Bar chart for post on Risky Business of CD Rates

The Risky Business of CD Rates

Last November, J opened a CD at Ally Bank. The idea came from a big conversation we had about making his money work harder.

He invested $500 in a 2-year Raise Your Rate CD at 1.5% at Ally. This type of CD allowed him to increase the rate once during the term. (For reference, his online savings account was earning 1.25%.)

What happened

Fast foward to this spring and I saw the rates going up. And up. And up.

It’s hard to know when to take action and when to hold, so for awhile, we held steady.

We also watched regular savings account rates rise and for a bit, the savings account rate was higher than the CD rate. (It’s currently 1.75%.)

In June, we finally bit the bullet and increased the CD rate to 2.35%. The CD matures next November 2019.

And now the rate is currently 2.5%.

What we learned

CDs can definitely have a place in a well-balanced portfolio and have some benefits:

  • The money is locked away so we can’t get to it and spend it
  • BUT, we’ll have access to the money in a short time (about a year)
  • We’re earning more with the CD than with a regular savings account
  • And we’re diversified! J doesn’t have all his eggs in one basket which is good (unless you’re Easter egg hunting where you DO want all the eggs in your basket <– J’s contribution to this article when I had to explain the word diversified)

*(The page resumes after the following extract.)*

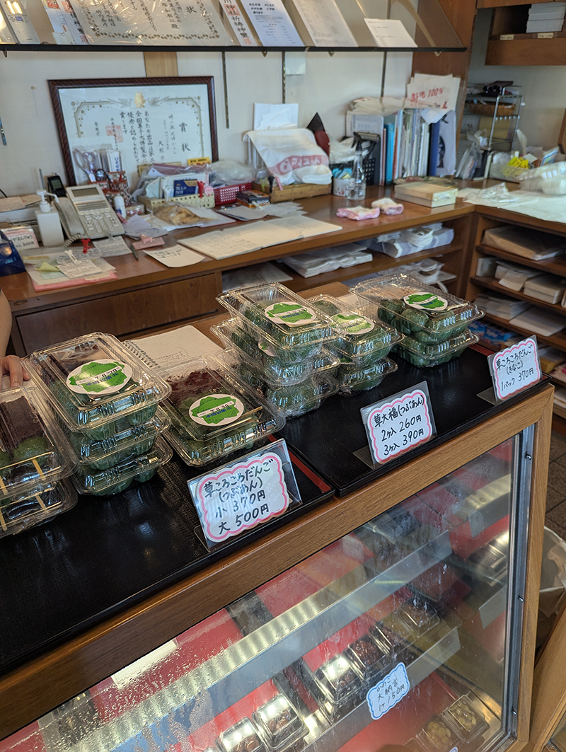 看板にもなっているだんごでは餡がたっぷりと乗った草ころころだんごがひと際、目に付いたのでこちらを購入した。

I think it depends on what you’re saving for, when you need the money and your risk tolerance. Because he didn’t need the money right away, but wanted to experiment, investing a small portion of his money in a CD gave us invaluable experience.

So overall, I’d say we’re happy (even though the current rate is higher than the rate we have now).

Just a bit about CD ladders

If you’re going to invest in CDs, the ladder is definitely the way to go. It involves shorter terms, smaller amounts of money and staggering investments so that CDs mature at different times.

The benefits are that your interest rate risk is limited (you have regular opportunities to invest) and your liquidity risk is limited (you have access to your money more consistently).

Read more about CD ladders at the Motley Fool.

What about you? Do you invest in CDs? Why or why not?